Now was the time for the troops of the southern pincer to come into action and small parties of Koch's men began to filter through the Allied defences making for high ground from which they would be able, at a later date, to fire with effect upon the retreating Allied columns. The short December day ended with a stalemate. To the north the early success against Blade Force armour had ended with the main thrust baulked and unable to move forward. To the east the important high ground was still in British hands but a tactical victory had been gained through the destruction of the American armour. To the south and south-west Koch's men were slipping their noose round the Allies, but the end was not yet in sight.

Both sides took the opportunity, during the night of 1/2 December, to improve their positions and to re-organise. New and fresh American armoured forces arrived in the area and relieved the shattered remnants of Blade Force. A small battle group from the Liider Group made a direct and vicious drive towards the Tebourba Gap but the attack faltered and died away in the Allied defensive fire. Then the German tactics changed; Fischer had decided upon a change of plan. He really had no need to move forward at all. If he could bleed the Allied tank strength then this would reduce its potency to a point where it would no longer be able to attain the objective of Tunis. All his battle groups needed to do were to weaken the Allies by continual assault and to confuse them by infiltration.

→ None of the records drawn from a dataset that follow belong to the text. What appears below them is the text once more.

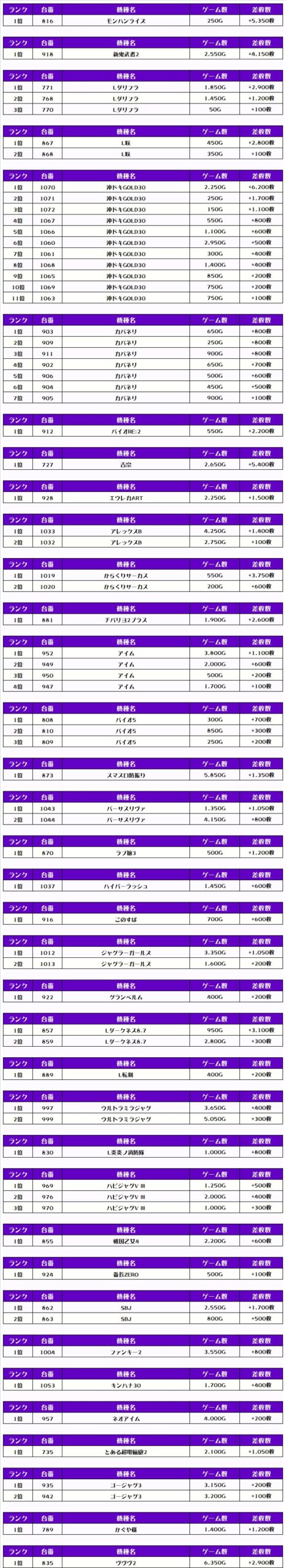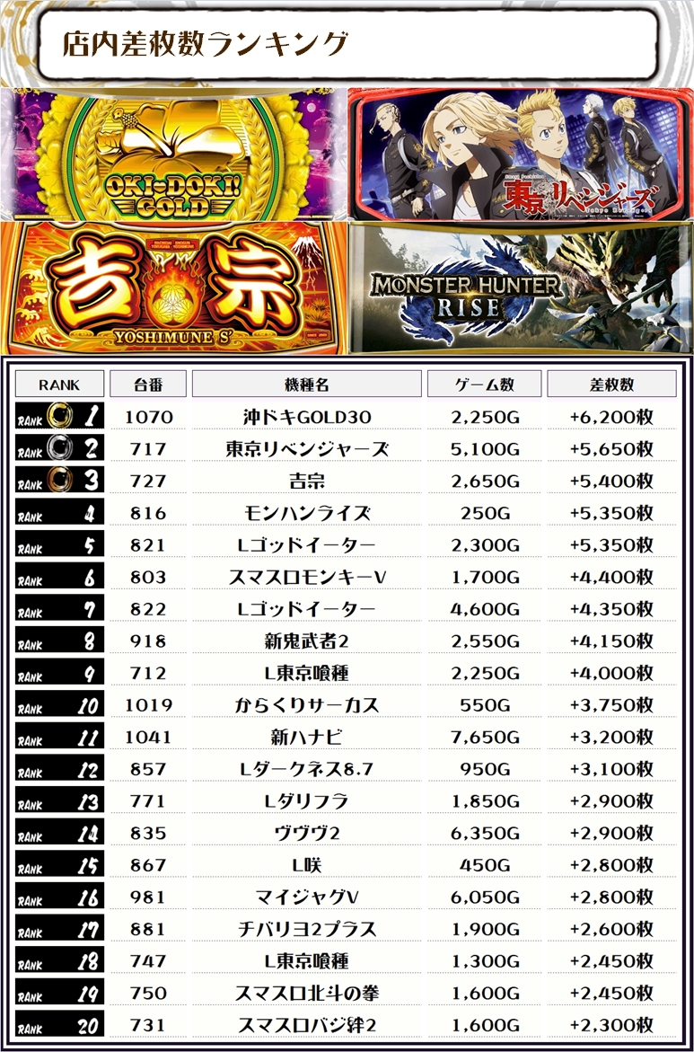 2位には【東京リベンジャーズ・717番台】の+5,650枚、そして3位には【吉宗・727番台】の+5,400枚がランクインっ🏆
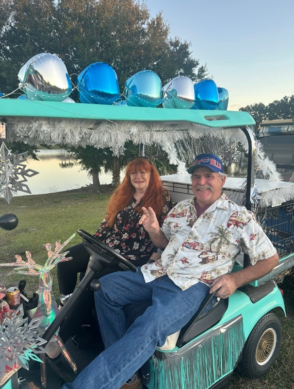 The parade route was 1 1/2 hours long winding throughout the streets. There were people lined up along the roadside and driveway parties to cheer us on. About 200 golf carts paraded! There was a hot chocolate and cookies snack back at our club house plus an hour’s show. What a F U N time!
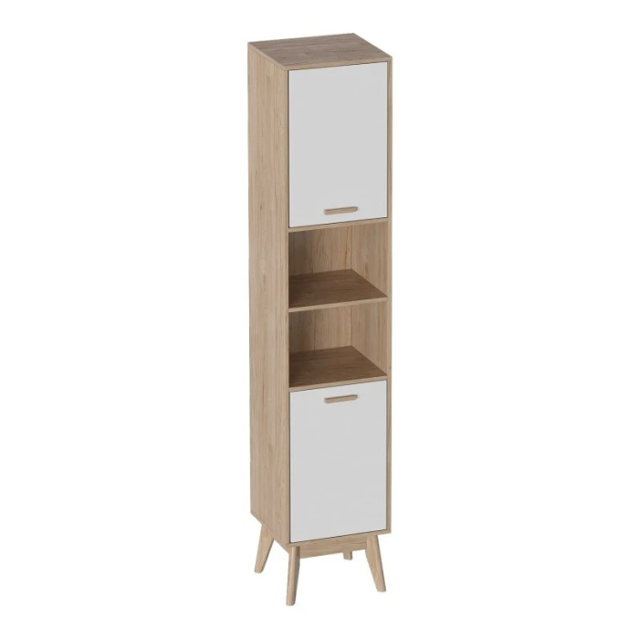 Стеллаж состоит из нескольких полок, которые могут быть использованы для хранения книг, документов, фотографий и других предметов. Оснащен вкладными боками соединенные полками, разделен на три отделения: верхнее и нижнее закрыто дверями, а в центре расположена открытая полка.
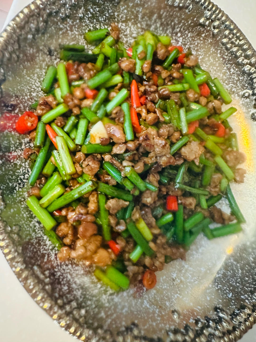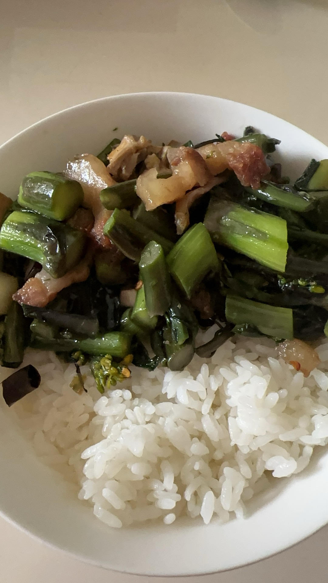 红油菜苔炒五花肉拌饭
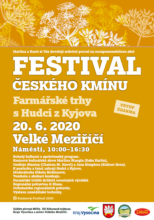Přes 700 lidí si nenechalo ujít historicky první ročník festivalu věnovaného kmínu, který v loňském roce vznikl díky Karlu Jonákovi a Martině Homolové, majitelům Olejového mlýnu Petráveč. Akce s oficiálním názvem Festival českého kmínu je jedinou svého druhu v Česku a přibližuje návštěvníkům typické koření české kuchyně s nezaměnitelnou vůní a chutí, tedy kmín. Na velkomeziříčském náměstí nebude chybět festival ani letos. Cíl pořadatelů je jasný, chtějí uspořádat příjemnou akci s dobrým jídlem a rodinnou atmosférou.
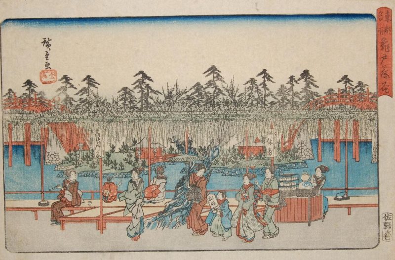 歌川広重「東都名所 亀戸藤花」 天保12年から13年 足立区郷土資料館収蔵資料データベースより
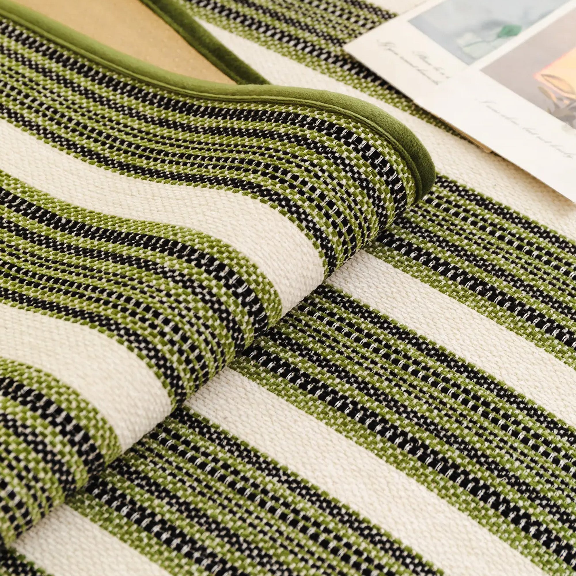Verleihen Sie Ihrem Wohnraum verspielte Eleganz und Komfort mit unserem rutschfesten Sofabezug „Chic Stripe Pompon“. Das klassische Streifenmuster und der verspielte Pomponrand machen diesen Bezug zu einem charmanten und stilvollen Blickfang in jedem Raum.
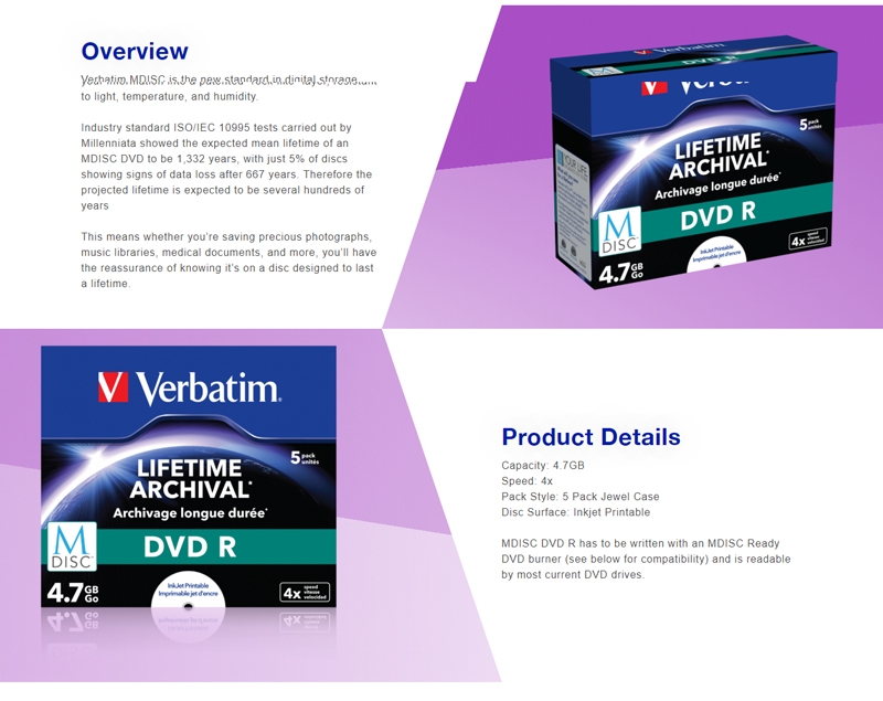 | Marketing Text | Verbatim MDISC is the new standard in digital storage designed to preserve and protect your files by engraving your information into a patented "rock-like" layer, resistant to light, temperature, and humidity. |
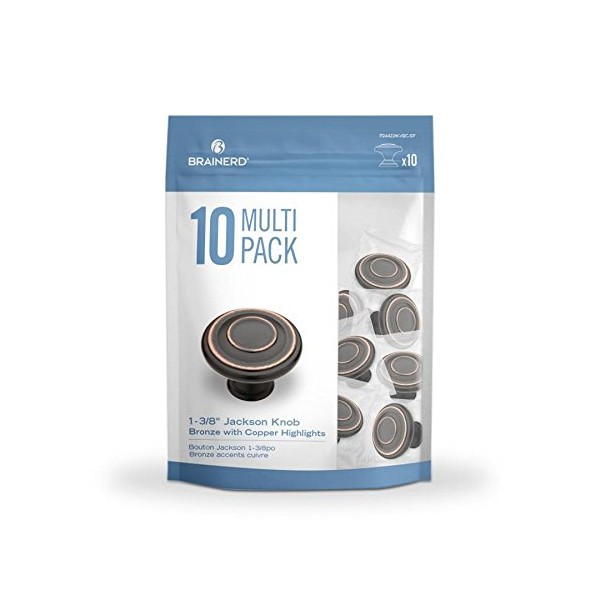 (1) Brainerd 10-pcs Bronze With Copper Highlights Round Cabinet Knob P24423W-VBC-SP

Already there were signs that the Allied forces were becoming nervous as a result of the penetration of their lines by Koch's paratroops for these had, by now, almost completed the southern investment of Tebourba.

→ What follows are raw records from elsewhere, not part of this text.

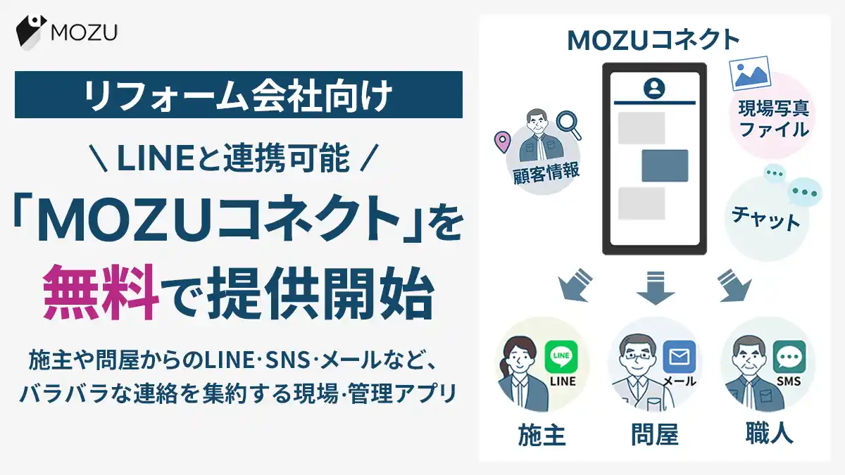 業界初の「デジタル問屋」MOZUオーダーを運営するMOZU株式会社(本社:東京都港区、代表取締役:野口 真平)は、現場管理アプリ「MOZUコネクト」を無料で提供を開始。 |
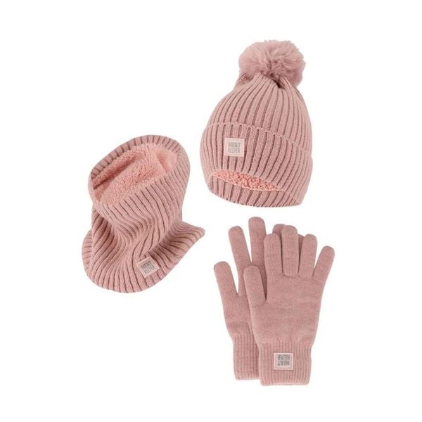 Damski Zimowy Zestaw Termiczny – Czapka + Rękawiczki + Komin – Różowy
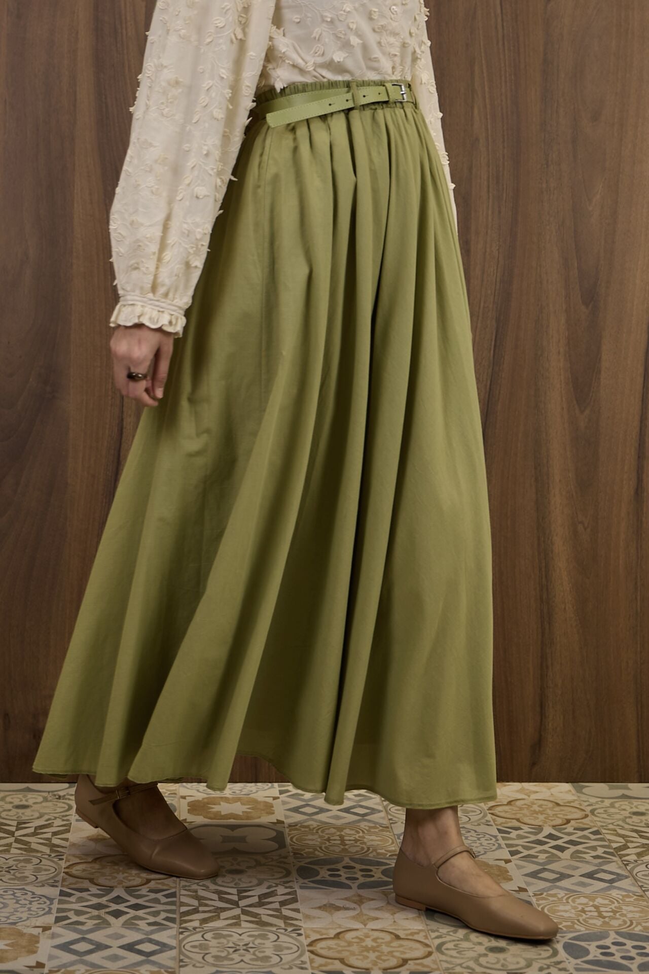 Yeşil Ceinture Kemerli Keten Etek

The situation on the Allied side was not as serious as the local commanders believed it to be. The Allied tank force was now grouped in and around the Tebourba area gathered into one compact mass, and, given the right leadership, might have driven the Germans back, for Fischer's men were not in a sound tactical situation. They were confined in a narrow area between Tebourba and the Gap and, therefore, subject to fire from all directions. Whichever way they turned to attack they could be fired at.[22] But the Allied tank commanders, and particularly those on the American side, had still not learned the basic lesson of armoured warfare – the use of mass and the need to conserve their machines by not wasting them in tank versus tank combats. The Allied tactic was still to engage in what were, in essence, cavalry charges and the first of a series of such assaults – isolated and unsupported – was launched against the Djedeida Group.

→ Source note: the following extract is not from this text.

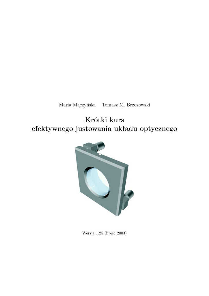 Maria Mączyńska Tomasz M. Brzozowski Krótki kurs efektywnego justowania układu optycznego Wersja 1.25 (lipiec 2003) Efektywnego justowania można nauczyć się jedynie justując, ale kilka dobrych rad może okazać się przydatnych. Poniższy zbiór wskazówek ma za zadanie ułatwić czytelnikowi opanowanie podstawowych technik justowania. Mogą się one co prawda wydać oczywiste, ale jak pokazuje praktyka – są bardzo pomocne. Stosowanie się do nich z pewnością ułatwi pracę przy stole optycznym i sprawi, że jej efekty będą bardziej przewidywalne i powtarzalne. 1 Prowadzenie wiązki Po pierwsze, należy dbać aby tam, gdzie jest to możliwe, wiązka laserowa była kierowana wzdłuż odcinków wyznaczonych przez otwory w stole (tak zwane justowanie „po dziurach”). Mając w ten sposób ustawioną wiązkę łatwiej jest wstawiać w tor optyczny kolejne elementy. Takie justowanie zapewnia też powtarzalność ustawień elementów optycznych. Należy również dbać o zachowanie stałej wysokości wiązki nad stołem (w naszych eksperymentach 8.5 oraz 10 cm). 1.1 Dwa lusterka (zygzak) Do odpowiedniego ustawienia wiązki na zadanym odcinku używa się najczęściej dwóch lusterek ustawionych tak, jak pokazuje rysunek 1.1. Należy najpierw dobrać wstępnie położenia obu lusterek (tak, aby wiązka padała mniej więcej na środek każdego z nich) i ich kąty względem kierunku rozchodzenia się wiązki (45◦ ). Jest to łatwiejsze jeśli wiązka kierowana jest nad otworami w stole, jak zalecono uprzednio. W przypadku skomplikowanego układu optycznego wygodnie jest zapewnić możliwość niezależnego justowania poszczególnych jego części. Pozwala to na wprowadzenie modyfikacji w jednej części tak, że nie pociąga to za sobą justowania całego układu. Konieczny jest zatem układ dostosowujący między częściami, który pozwoli na dowolne ustawienie kierunku i położenia wiązki laserowej. Zadanie to spełnia właśnie opisany wyżej prosty układ dwóch lusterek (zygzak). Rysunek 1: Zygzaki 1.2 Przesłony W ustawiany odcinek toru wygodnie jest wstawić dwie przesłony tak, aby ich otwory znajdowały się w miejscach, przez które chcemy przeprowadzić wiązkę. Pierwsza przesłona powinna znajdować się jak najbliżej drugiego lusterka zygzaka, a druga jak najdalej od niego (dokładność wyjustowania rośnie z odległością). Za drugą przesłoną wygodnie jest ustawić karteczkę 2 czułą na podczerwień. Zmieniając kąty ustawienia pierwszego lusterka dążymy do tego, aby wiązka przeszła przez pierwszą przesłonę. Następnie drugim lusterkiem próbujemy przeprowadzić wiązkę przez drugą przesłonę aż do momentu, kiedy zacznie ona przycinać się na pierwszej przesłonie. Wtedy należy ponownie zmienić ustawienie pierwszego lusterka tak, aby skierować wiązkę przez pierwszą przesłonę i powtarzać iteracyjnie procedurę opisaną w dwóch ostatnich zdaniach aż do momentu, gdy wiązka będzie przechodzić przez obie przesłony jednocześnie. To oznacza koniec justowania zadanego odcinka. Skrótowo: pierwsze lusterko – pierwsza przesłona, drugie lusterko – druga przesłona. 1.3 Karteczki Przesłony można zastąpić papierowymi karteczkami. Pierwsza z nich musi mieć na zadanej wysokości zrobiony niewielki otwór (porównywalny ze średnicą wiązki) i być wstawiona w tor wiązki analogicznie, jak pierwsza przesłona (wygodnie jest, gdy otwór w karteczce znajduje się nad otworem w stole wyznaczającym tor rozchodzenia się wiązki). Na drugiej należy zaznaczyć kropką punkt, w który powinna trafić prawidłowo wyjustowana wiązka. Warto zrobić na karteczkach kratkowaną podziałkę. Justując zygzak przeprowadza się wiązkę przez otwór w pierwszej karteczce (pierwsze lusterko) naprowadzając jednocześnie wiązkę na zaznaczony punkt na drugiej karteczce (drugie lusterko). Mając pewną wprawę można używać do justowania tylko jednej karteczki z zaznaczonym punktem, wstawiając ja w zadany tor wiązki na przemian blisko i daleko od zygzaka i korygując położenie wiązki na karteczce odpowiednio pierwszym i drugim lusterkiem. 1.4 Jedno lusterko Czasem w tor wiązki można wstawić tylko jedno jedno lusterko. Należy wtedy odpowiednio ustawić przesłony lub karteczki a następnie korygować tor wiązki blisko lusterka poprzez jego przesuwanie prostopadle lub równolegle do kierunku wiązki padającej na lusterko. Korektę toru wiązki w obszarze daleko od lusterka przeprowadza się przez jego delikatny obrót, tak jak pokazuje rysunek 1.4. Tę procedurę powtarza się iteracyjnie aż wiązka zostanie wyjustowana. Rysunek 2: Prowadzenie wiązki przy pomocy jednego lusterka. 3 2 Wstawianie w tor wiązki soczewki W wiązkę równoległą soczewkę wstawia się stroną wypukłą (lub wklęsłą) do wiązki, w wiązkę zbieżną rozbieżną – stroną płaską do wiązki. Takie ustawienie minimalizuje wady soczewek. Soczewka nie może być skręcona względem kierunku rozchodzenia się wiązki, chyba że chcemy korygować astygmatyzm (sekcja 5). Wstawienie soczewki w tor wiązki nie powinno zmienić kierunku jej rozchodzenia się. Najłatwiej to sprawdzić ustawiając karteczkę możliwie daleko za miejscem, w którym będzie umieszczona soczewka. Na karteczce zaznaczamy położenie wiązki bez soczewki, a następnie tak wstawiamy soczewkę, aby położenie centrum wiązki pokryło się z zaznaczeniem. 3 Wstawianie w tor wiązki modulatora akusto-optycznego Modulator akusto-optyczny (AOM) wstawia się w ognisko soczewki o stosunkowo długiej ogniskowej (500 mm, 1000 mm), co sprawia, że wiązka w całości mieści się w aperturze modulatora, a w obszarze kryształu jest w przybliżeniu równoległa (soczewki o długich ogniskowych zapewniają dużą długość Rayleigha wiązki gaussowskiej). Położenie ogniska łatwo znaleźć zmniejszając moc wiązki lasera i szukając punktu, w którym wiązka jest najbardziej intensywna

The United States tanks rolled eastwards towards the waiting panzers and at 11:00 hrs battle was joined. The American light tanks drove forward, thirty of them seeking to destroy the panzers and quite unaware that during the night a battery of 8.8cm guns had been sited on the flank of their advance. As the tanks poured through the orchards advancing towards the German positions, they met not only the fire from 7.5cm tank cannon but also a battering from the fast-firing 8.8s. Within 15 minutes, eight American tanks lay smashed or burning on the battlefield. Other American squadrons went in in futile assaults and their efforts, too, were smashed by the fire of the 8.8s and that of six Panzer IVs. The Allied armoured weapon was shattered against the steely panzer defence.